━━ ENTRIES PROVIDED ━━
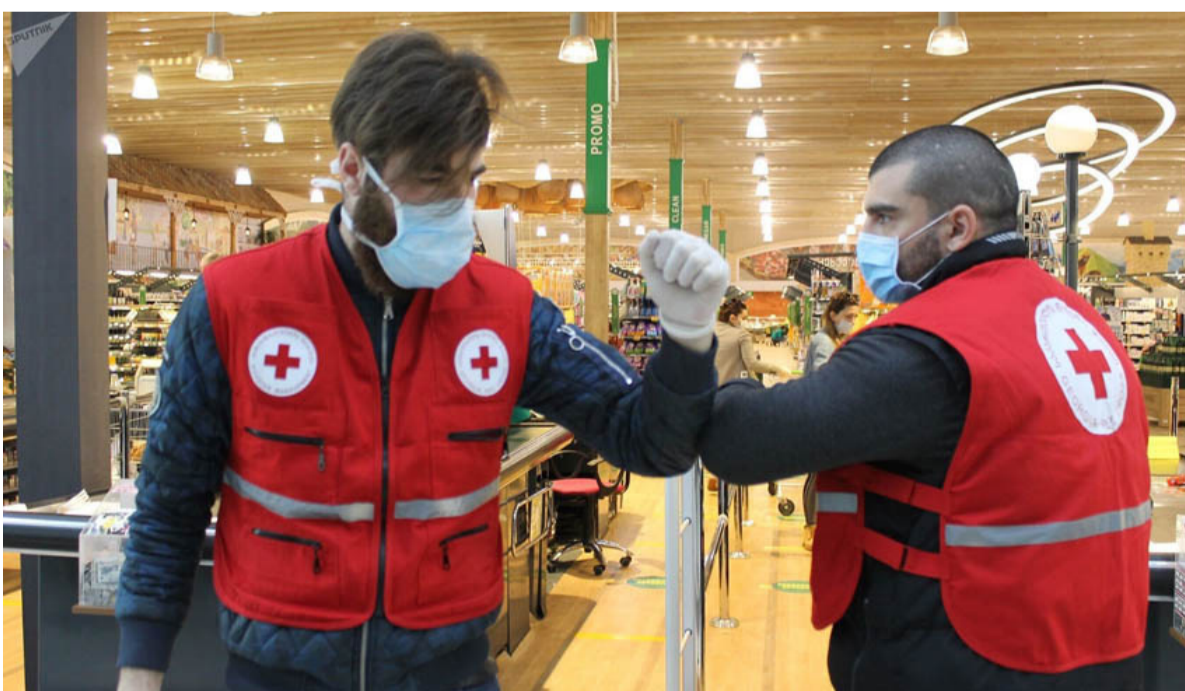
“GRCS will launch an online learning platform for home care staff, volunteers and informal caregivers, to equip them with the knowledge and skills needed to deliver professional and community-based home care,” reads the statement.
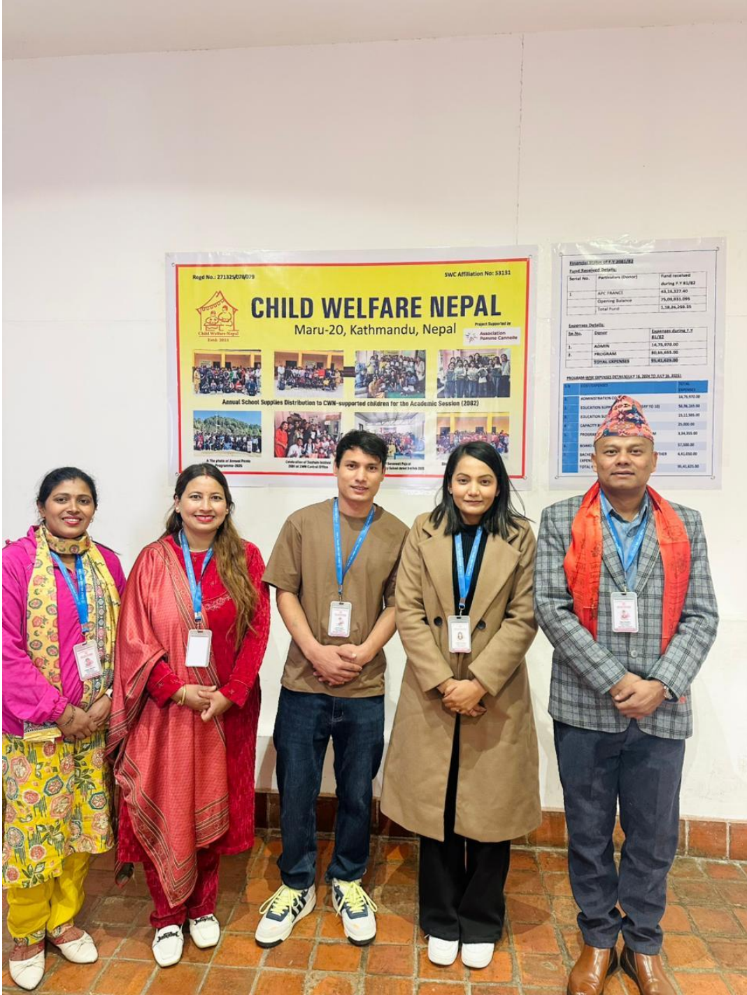
A file photo of CWN staff members clicked during the social audit function.
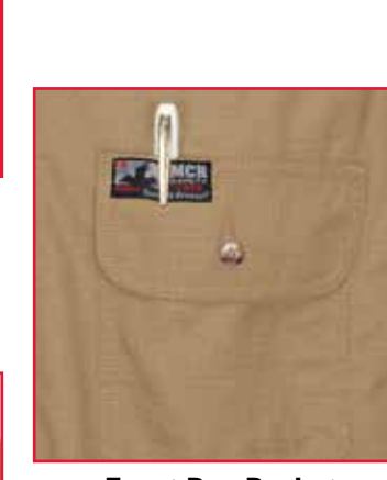
Front Pen Pocket
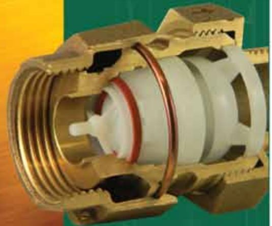
UFR Meter Coupling with Single Check and Non-Check Versions

UFR: The Solution for Slow Steady Revenue Leaks in Your Water System.
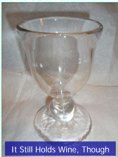
It Still Holds Wine, Though
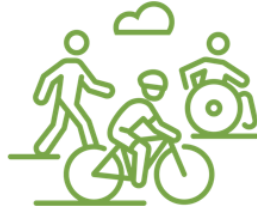
BIG MOVE 2 Car-Light Community
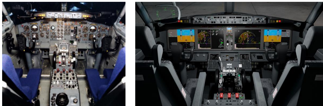
Figure 1. Evolution of Boeing 737 Flight Decks

Advances in aircraft automation have significantly contributed to safety and changed the way airline pilots perform their duties. Rather than manually flying an aircraft, pilots now monitor flight deck systems. Generally, new automation technologies are added to gain operational or efficiency advantages, such as reducing pilot workload, adding more capability, increasing fuel economy, and allowing access to airports surrounded by challenging terrain. FAA has estimated that automation is used 90 percent of the time in flight. 2 Figure 1 below shows the advances in flight deck technology between the Boeing 737-200 (pictured left) and 737 MAX 8 aircraft (pictured right).
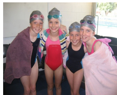
Girls 9 and Under Freestyle A Team
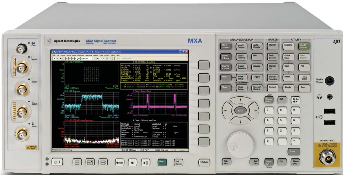
N9020A MXA signal analyzer—built for speed

During the transition from product design to the production line, every device demands decisions that require tradeoffs in your goals—customer specifications, throughput, yield. With a highly flexible signal analyzer, you can manage and minimize those tradeoffs. Agilent’s mid-performance MXA is the ultimate accelerator as your products move from design to manufacturing to the marketplace. It has the flexibility to quickly adapt to your evolving test requirements—today and tomorrow. Maximize your flexibility, ramp up faster, and accelerate to market with the Agilent MXA signal analyzer.
━━━
YOUR INSTRUCTIONS: Please return only the lines running from the line with "Girls 9 and Under Freestyle A Team" to the final line of the data, both included, exactly and without any pictures.

ANSWER TO THE PROBLEM:
Girls 9 and Under Freestyle A Team
N9020A MXA signal analyzer—built for speed

During the transition from product design to the production line, every device demands decisions that require tradeoffs in your goals—customer specifications, throughput, yield. With a highly flexible signal analyzer, you can manage and minimize those tradeoffs. Agilent’s mid-performance MXA is the ultimate accelerator as your products move from design to manufacturing to the marketplace. It has the flexibility to quickly adapt to your evolving test requirements—today and tomorrow. Maximize your flexibility, ramp up faster, and accelerate to market with the Agilent MXA signal analyzer.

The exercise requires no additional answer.